◆ **SUPPLIED ENTRIES**
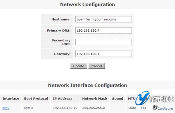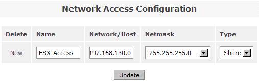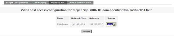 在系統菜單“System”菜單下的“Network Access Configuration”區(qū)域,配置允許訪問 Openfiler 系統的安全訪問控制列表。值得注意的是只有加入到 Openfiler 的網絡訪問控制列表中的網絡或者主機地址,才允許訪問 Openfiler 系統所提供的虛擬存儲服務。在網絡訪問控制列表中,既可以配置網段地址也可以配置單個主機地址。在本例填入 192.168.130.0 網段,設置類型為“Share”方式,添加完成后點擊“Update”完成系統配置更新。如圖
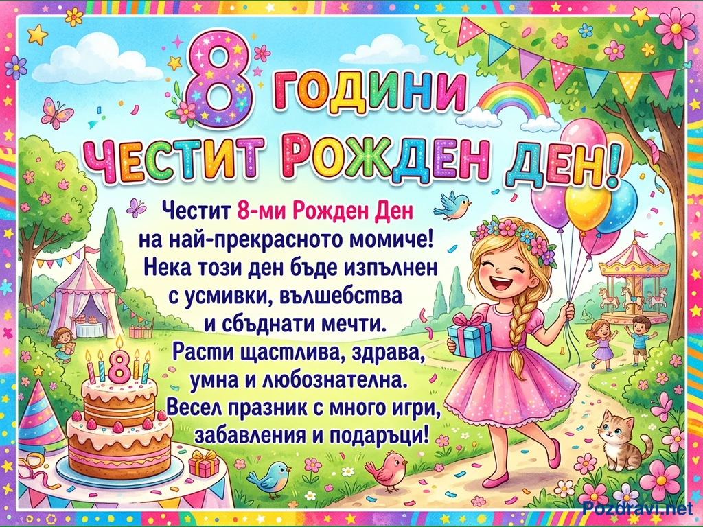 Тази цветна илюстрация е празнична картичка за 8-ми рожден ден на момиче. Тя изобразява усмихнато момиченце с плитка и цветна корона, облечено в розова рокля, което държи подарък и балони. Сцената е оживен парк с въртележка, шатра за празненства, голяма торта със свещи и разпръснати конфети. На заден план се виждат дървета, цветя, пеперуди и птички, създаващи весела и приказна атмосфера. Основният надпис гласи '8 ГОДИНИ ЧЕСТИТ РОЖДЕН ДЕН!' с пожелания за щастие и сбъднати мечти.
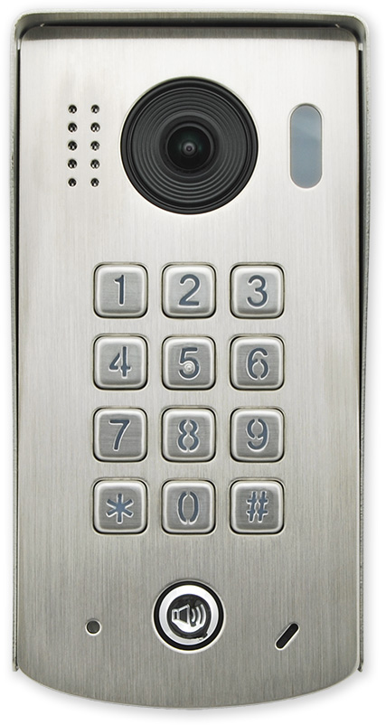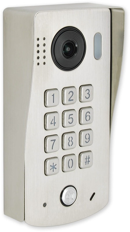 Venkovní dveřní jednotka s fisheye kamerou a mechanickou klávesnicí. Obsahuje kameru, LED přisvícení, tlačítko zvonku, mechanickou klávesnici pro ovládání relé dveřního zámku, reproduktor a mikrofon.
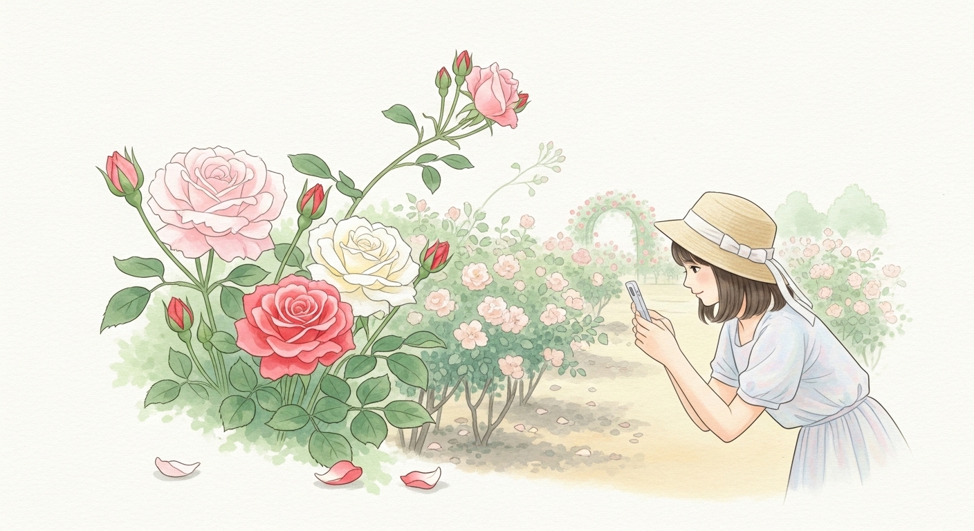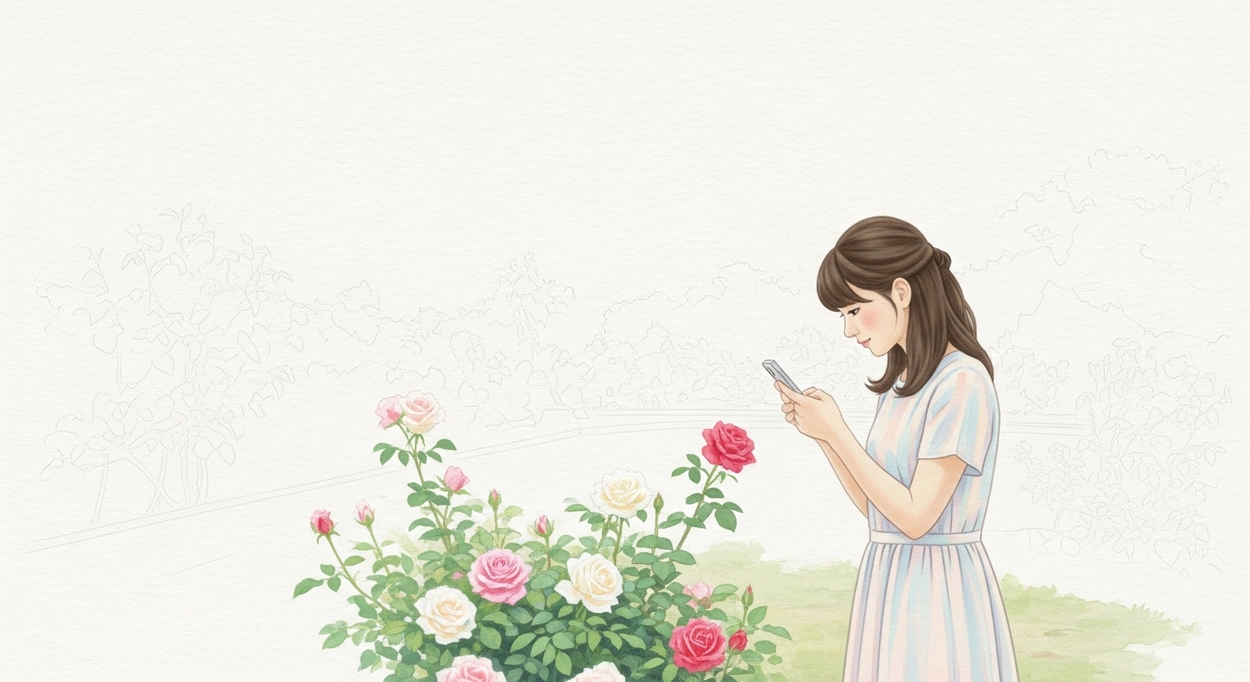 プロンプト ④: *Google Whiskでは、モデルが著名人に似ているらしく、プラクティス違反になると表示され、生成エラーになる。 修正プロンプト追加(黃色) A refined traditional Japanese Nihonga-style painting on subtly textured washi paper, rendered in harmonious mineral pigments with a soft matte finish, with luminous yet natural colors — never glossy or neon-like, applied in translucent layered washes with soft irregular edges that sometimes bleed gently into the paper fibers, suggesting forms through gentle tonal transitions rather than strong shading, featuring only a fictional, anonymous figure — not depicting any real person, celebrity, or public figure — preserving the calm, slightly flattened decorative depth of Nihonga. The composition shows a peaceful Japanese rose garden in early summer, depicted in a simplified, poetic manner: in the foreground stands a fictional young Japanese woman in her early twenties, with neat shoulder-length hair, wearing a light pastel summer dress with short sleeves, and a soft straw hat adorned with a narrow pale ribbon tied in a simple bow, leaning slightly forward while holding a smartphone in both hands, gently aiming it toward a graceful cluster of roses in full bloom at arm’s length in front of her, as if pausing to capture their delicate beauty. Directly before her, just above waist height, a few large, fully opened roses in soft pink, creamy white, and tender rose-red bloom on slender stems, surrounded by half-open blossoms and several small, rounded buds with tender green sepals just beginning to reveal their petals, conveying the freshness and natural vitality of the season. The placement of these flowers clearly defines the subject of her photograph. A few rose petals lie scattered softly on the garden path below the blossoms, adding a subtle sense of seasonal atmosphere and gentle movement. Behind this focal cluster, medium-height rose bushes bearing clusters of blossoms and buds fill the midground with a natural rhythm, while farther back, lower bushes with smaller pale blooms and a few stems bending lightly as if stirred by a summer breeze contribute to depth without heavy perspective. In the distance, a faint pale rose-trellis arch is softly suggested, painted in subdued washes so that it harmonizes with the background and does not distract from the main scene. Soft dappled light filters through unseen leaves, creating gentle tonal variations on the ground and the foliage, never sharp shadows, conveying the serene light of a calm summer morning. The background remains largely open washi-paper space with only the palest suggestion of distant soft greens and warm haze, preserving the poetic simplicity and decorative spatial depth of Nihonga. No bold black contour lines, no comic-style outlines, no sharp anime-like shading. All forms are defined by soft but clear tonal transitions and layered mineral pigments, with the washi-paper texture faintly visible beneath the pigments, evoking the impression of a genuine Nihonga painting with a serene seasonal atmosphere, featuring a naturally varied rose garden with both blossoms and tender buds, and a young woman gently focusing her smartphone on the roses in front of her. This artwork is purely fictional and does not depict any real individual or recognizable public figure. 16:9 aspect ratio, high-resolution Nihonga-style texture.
* * *
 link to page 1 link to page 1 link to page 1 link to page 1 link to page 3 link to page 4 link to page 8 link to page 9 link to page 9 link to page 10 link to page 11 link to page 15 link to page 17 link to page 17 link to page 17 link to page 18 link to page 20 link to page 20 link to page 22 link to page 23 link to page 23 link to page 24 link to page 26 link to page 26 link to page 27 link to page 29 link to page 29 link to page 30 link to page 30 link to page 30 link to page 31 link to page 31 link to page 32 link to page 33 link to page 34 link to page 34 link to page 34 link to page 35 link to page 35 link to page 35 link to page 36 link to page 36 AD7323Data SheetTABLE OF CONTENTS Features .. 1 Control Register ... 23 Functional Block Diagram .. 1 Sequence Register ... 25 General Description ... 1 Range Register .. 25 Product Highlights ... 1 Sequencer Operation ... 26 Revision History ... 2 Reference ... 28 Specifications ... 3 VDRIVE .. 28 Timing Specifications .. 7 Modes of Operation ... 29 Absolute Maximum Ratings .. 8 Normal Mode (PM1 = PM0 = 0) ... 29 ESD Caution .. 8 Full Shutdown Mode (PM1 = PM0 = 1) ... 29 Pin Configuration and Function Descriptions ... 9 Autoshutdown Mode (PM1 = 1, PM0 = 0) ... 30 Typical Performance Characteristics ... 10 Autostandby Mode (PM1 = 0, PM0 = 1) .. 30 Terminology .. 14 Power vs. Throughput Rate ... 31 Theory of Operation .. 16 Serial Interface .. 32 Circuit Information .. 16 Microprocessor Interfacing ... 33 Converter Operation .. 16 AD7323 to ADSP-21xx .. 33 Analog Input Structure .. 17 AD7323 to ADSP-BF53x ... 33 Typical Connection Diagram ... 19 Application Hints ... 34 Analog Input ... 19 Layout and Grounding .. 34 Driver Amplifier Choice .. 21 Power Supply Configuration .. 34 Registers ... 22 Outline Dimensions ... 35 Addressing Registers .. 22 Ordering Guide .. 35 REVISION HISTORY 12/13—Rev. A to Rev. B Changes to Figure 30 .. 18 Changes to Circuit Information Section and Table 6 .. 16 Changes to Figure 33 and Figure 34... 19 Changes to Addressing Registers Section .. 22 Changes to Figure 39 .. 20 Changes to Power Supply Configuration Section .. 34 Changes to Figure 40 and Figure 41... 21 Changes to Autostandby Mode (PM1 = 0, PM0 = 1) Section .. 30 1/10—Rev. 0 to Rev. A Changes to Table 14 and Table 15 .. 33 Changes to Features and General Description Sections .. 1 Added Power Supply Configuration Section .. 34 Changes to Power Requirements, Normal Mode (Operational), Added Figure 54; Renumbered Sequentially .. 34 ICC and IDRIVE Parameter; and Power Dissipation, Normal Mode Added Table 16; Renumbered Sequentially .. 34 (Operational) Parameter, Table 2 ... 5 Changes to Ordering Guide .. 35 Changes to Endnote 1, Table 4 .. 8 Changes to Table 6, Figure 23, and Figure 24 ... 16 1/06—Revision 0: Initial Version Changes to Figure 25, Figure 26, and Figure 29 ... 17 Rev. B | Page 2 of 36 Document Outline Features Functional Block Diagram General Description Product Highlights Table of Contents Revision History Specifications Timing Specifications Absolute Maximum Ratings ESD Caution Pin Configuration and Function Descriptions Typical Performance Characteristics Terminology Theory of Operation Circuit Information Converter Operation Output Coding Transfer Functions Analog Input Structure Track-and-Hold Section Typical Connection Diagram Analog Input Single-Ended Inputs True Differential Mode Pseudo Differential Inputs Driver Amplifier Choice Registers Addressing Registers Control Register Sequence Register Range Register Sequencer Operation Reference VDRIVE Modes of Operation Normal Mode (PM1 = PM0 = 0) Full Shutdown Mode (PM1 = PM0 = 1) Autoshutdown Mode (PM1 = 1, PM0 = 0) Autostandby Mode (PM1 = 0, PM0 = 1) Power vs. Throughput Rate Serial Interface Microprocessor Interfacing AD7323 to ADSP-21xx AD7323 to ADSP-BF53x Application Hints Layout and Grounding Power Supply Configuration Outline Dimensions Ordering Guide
--
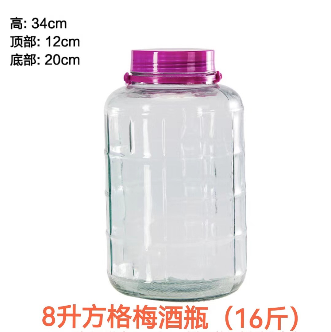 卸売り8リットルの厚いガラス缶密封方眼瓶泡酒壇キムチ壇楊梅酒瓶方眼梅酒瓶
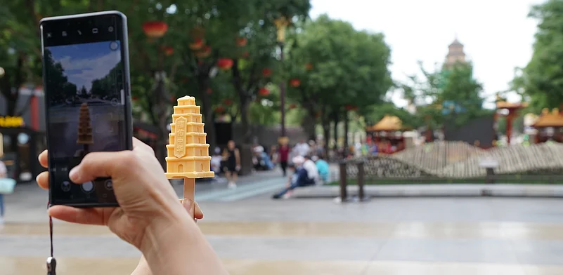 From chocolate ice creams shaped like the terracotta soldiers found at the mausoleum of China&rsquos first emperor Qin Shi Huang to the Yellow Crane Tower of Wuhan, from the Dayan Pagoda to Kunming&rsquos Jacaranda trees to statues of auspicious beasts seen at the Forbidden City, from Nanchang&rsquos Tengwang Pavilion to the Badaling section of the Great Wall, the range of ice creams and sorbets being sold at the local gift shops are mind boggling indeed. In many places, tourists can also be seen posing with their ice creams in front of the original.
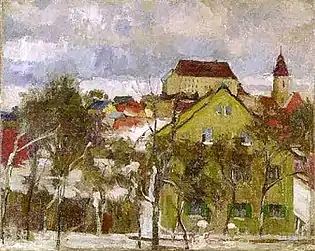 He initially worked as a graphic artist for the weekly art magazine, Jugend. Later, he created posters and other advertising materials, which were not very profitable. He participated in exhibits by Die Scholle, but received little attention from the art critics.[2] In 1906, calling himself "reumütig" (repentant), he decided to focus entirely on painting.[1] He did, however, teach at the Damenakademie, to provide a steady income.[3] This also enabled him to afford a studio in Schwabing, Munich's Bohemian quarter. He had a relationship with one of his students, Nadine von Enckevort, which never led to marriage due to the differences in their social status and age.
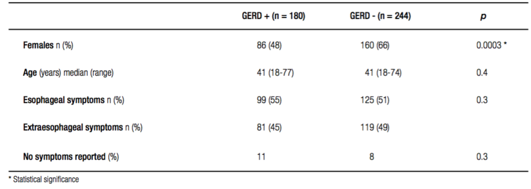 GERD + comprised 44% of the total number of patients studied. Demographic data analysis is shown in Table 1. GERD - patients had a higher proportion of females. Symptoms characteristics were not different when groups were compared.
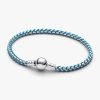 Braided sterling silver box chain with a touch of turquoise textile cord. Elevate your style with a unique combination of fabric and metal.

◆ **EXERCISE INSTRUCTIONS**
Up in the listing, locate the line with "Openfiler 系統的安全訪問控制列表。值得注意的是只有加入到 Openfiler"; print it and every line after it down to the line with "Тази цветна илюстрация", which is included too. Skip the pictures.

◆ **THE ANSWER**
 在系統菜單“System”菜單下的“Network Access Configuration”區(qū)域,配置允許訪問 Openfiler 系統的安全訪問控制列表。值得注意的是只有加入到 Openfiler 的網絡訪問控制列表中的網絡或者主機地址,才允許訪問 Openfiler 系統所提供的虛擬存儲服務。在網絡訪問控制列表中,既可以配置網段地址也可以配置單個主機地址。在本例填入 192.168.130.0 網段,設置類型為“Share”方式,添加完成后點擊“Update”完成系統配置更新。如圖
 Тази цветна илюстрация е празнична картичка за 8-ми рожден ден на момиче. Тя изобразява усмихнато момиченце с плитка и цветна корона, облечено в розова рокля, което държи подарък и балони. Сцената е оживен парк с въртележка, шатра за празненства, голяма торта със свещи и разпръснати конфети. На заден план се виждат дървета, цветя, пеперуди и птички, създаващи весела и приказна атмосфера. Основният надпис гласи '8 ГОДИНИ ЧЕСТИТ РОЖДЕН ДЕН!' с пожелания за щастие и сбъднати мечти.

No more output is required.